Smetana

Smetana dripping from a spoon into a very full glass jar

Smetana is a staple of Russian cuisine, reminiscent of sour cream but closer in texture to a thin, runny ranch dressing. When I spent a couple months in Moscow in college, breakfast was always a hard-boiled egg with fresh peas and a dollop of smetana — a simple yet filling meal. Use it as a salad dressing, mix it into soups, or rub it onto a roast. There is an additional recipe further below if you would like to make it into smetana butter.

This will take a few days to make, so plan ahead! One batch makes a quart. A half batch will fill a pint-sized jar up to the brim. Recipe from Kachka: A Return to Russian Cooking by Bonnie Frumkin Morales. New York: Flatiron Books, 2017. 

1 qt. heavy cream
1/4 c. buttermilk (or 3/4 tsp. lemon juice + milk to fill to ¼ cup line)

Halved amount:
2 c. heavy cream
2 tbsp. buttermilk (or 1/3 tsp lemon juice + milk to fill to 1 tbsp. line, plus a full tsbp. milk)

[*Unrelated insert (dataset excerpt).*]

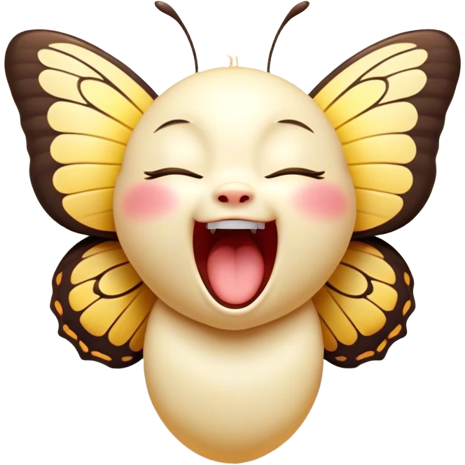 Cinematic Adorable Yawning Butterfly Portrait Emoji, Head tilted slightly with a dramatic, wide-open yawn, showcasing a delicate, softly fluttering body with gently drooping wings and sleepy, half-closed eyes, Simplified yet irresistibly cute features, highly detailed, glowing with a soft, cozy luminescence, high shine, relaxed yet expressive, stylized with a dash of whimsical floral charm, soft glowing outline, capturing the essence of a drowsy butterfly that appears ready to rest its wings for a nap!emoji

Bring the heavy cream to room temperature and mix it with the buttermilk. Let the mixture sit out at room temperature, loosely covered, for 12 hours.

Transfer to the refrigerator for 12 hours.

Return to room temperature to finish, 10-18 hours, depending on the temperature. Store in the refrigerator.

It will be done when it has thickened. If it still feels like cream after the final room temperature stage, give it more time in the fridge. It may take another day or two.

A half-sized batch fills a pint-sized glass jar up to the rim.
A half-sized batch fills a pint-sized glass jar up to the rim.

Smetana Butter
You can use smetana to make a tangy butter that can be subbed into other recipes when you want something more complex than regular butter.

Smetana (however much you want to use)
Kosher salt (to taste)

Use smetana that has been properly chilled in the refrigerator. Transfer to a stand mixer with a whisk attachment, and use a splash guard (or be prepared for a bit of spatter). Whisk on high speed, past the point of whipped cream, until the mixture clumps around the whisk, and a pool of liquid separates out at the bottom. You can’t overmix, so don’t hold back.

If you don’t have a stand mixer and/or a splash guard: pour the smetana and salt into a zippered plastic bag. Make sure it’s completely sealed, then shake it. And shake it. And shake it. Or hand it over to a high-energy child, or attach it to the collar of a hyperactive dog. It’s done when you get solid matter.